1. Create an account

Sign up at hintrix.com/register. Check your email for a verification link — you must verify before making API calls. You get 500 free credits instantly, no credit card required — earn 500 more by sharing hintrix on X.

2. Get your API key

After logging in, go to your dashboard to find your API key. It starts with hx_live_.

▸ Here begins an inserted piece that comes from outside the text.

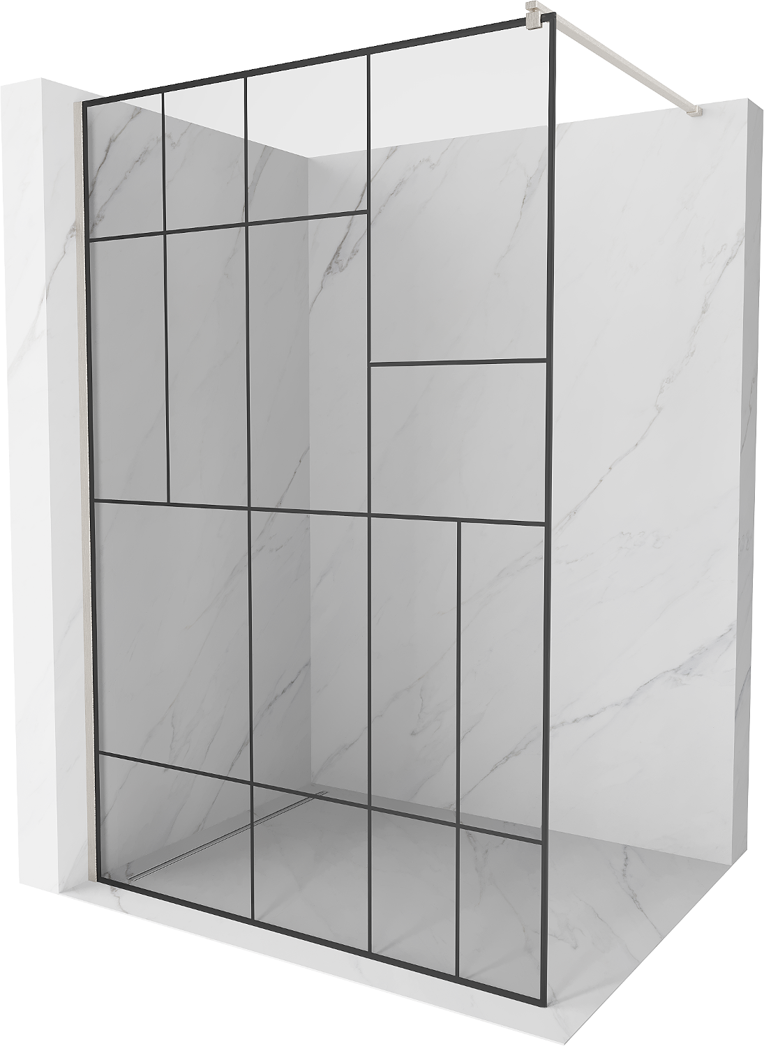 Mexen Kioto sprchová stena Walk-in 90 x 200 cm, čierny vzor 8 mm, brúsený nikel - 800-090-101-97-78

3. Make your first request

your first scrape

$ curl -X POST https://hintrix.com/v1/scrape \
  -H "Content-Type: application/json" \
  -H "X-API-Key: hx_live_sk_your_key_here" \
  -d '{"url": "https://example.com", "mode": ["content"]}'

// Response
{
  "agent": "glance",
  "url": "https://example.com",
  "status_code": 200,
  "response_time_ms": 312,
  "js_rendered": false,
  "metadata": {
    "title": "Example Domain",
    "description": "This domain is for use in illustrative examples.",
    "language": "en",
    "canonical": "https://example.com",
    "og": {}
  },
  "content": {
    "markdown": "# Example Domain\n\nThis domain is for use in illustrative examples...",
    "word_count": 83
  },
  "credits_used": 1,
  "request_id": "req_a1b2c3d4"
}

SDK / npm

The official Node.js SDK wraps the REST API with typed methods, automatic retries, and polling helpers. Requires Node 18+.

Installation

install

$ npm install hintrix

Quick Start

quick-start.js

import { Hintrix } from 'hintrix';

const hx = new Hintrix('hx_live_your_api_key');

// Scrape a page
const page = await hx.scrape('https://example.com');
console.log(page.content.markdown);

// Scrape with audit
const audited = await hx.scrape('https://example.com', {
  mode: ['content', 'audit']
});
console.log(audited.audit.geo_score);

The API key can also be read from the HINTRIX_API_KEY environment variable — omit the first argument in that case.

All Methods

methods.js

// Single-page operations (synchronous response)
await hx.scrape(url, options?)          // content extraction
await hx.audit(url, options?)           // GEO audit
await hx.extract(url, schema?, options?) // structured extraction

// Async jobs — returns a job handle immediately
await hx.crawl(url, options?)            // start multi-page crawl
await hx.batch(urls, options?)           // batch URLs

// Job management
await hx.getJob(jobId)                   // check job status
await hx.getJobPages(jobId)              // get paginated results
await hx.waitForJob(jobId, options?)     // poll until done

// High-level helpers (start + wait + collect in one call)
await hx.crawlAndCollect(url, options?)  // crawl + collect all pages
await hx.batchAndCollect(urls, options?) // batch + collect all results
await hx.scrapeMany(urls, options?)      // parallel scrapes (concurrency cap)

Crawl with Polling

crawl-collect.js

const result = await hx.crawlAndCollect('https://example.com', {
  max_pages: 50,
  mode: ['content', 'audit'],
  onProgress: (status) =>
    console.log(`${status.pages_crawled} pages...`),
});
console.log(`Done: ${result.pages.length} pages`);

Error Handling

errors.js

import { Hintrix, AuthenticationError, RateLimitError } from 'hintrix';

try {
  await hx.scrape(url);
} catch (err) {
  if (err instanceof RateLimitError) {
    console.log(`Rate limited, retry after ${err.retryAfter}s`);
  } else if (err instanceof AuthenticationError) {
    console.log('Invalid API key');
  }
}

Other exported error classes: APIError, ConnectionError, TimeoutError, ValidationError. All extend APIError.

Configuration

config.js

const hx = new Hintrix('hx_live_...', {
  baseUrl:    'https://hintrix.com', // default
  timeout:    30000,                  // 30s default
  maxRetries: 3,                      // auto-retry on 429 / 5xx
});

Authentication

All API requests require an API key passed via the X-API-Key header.

Key format

API keys follow this pattern: hx_live_sk_...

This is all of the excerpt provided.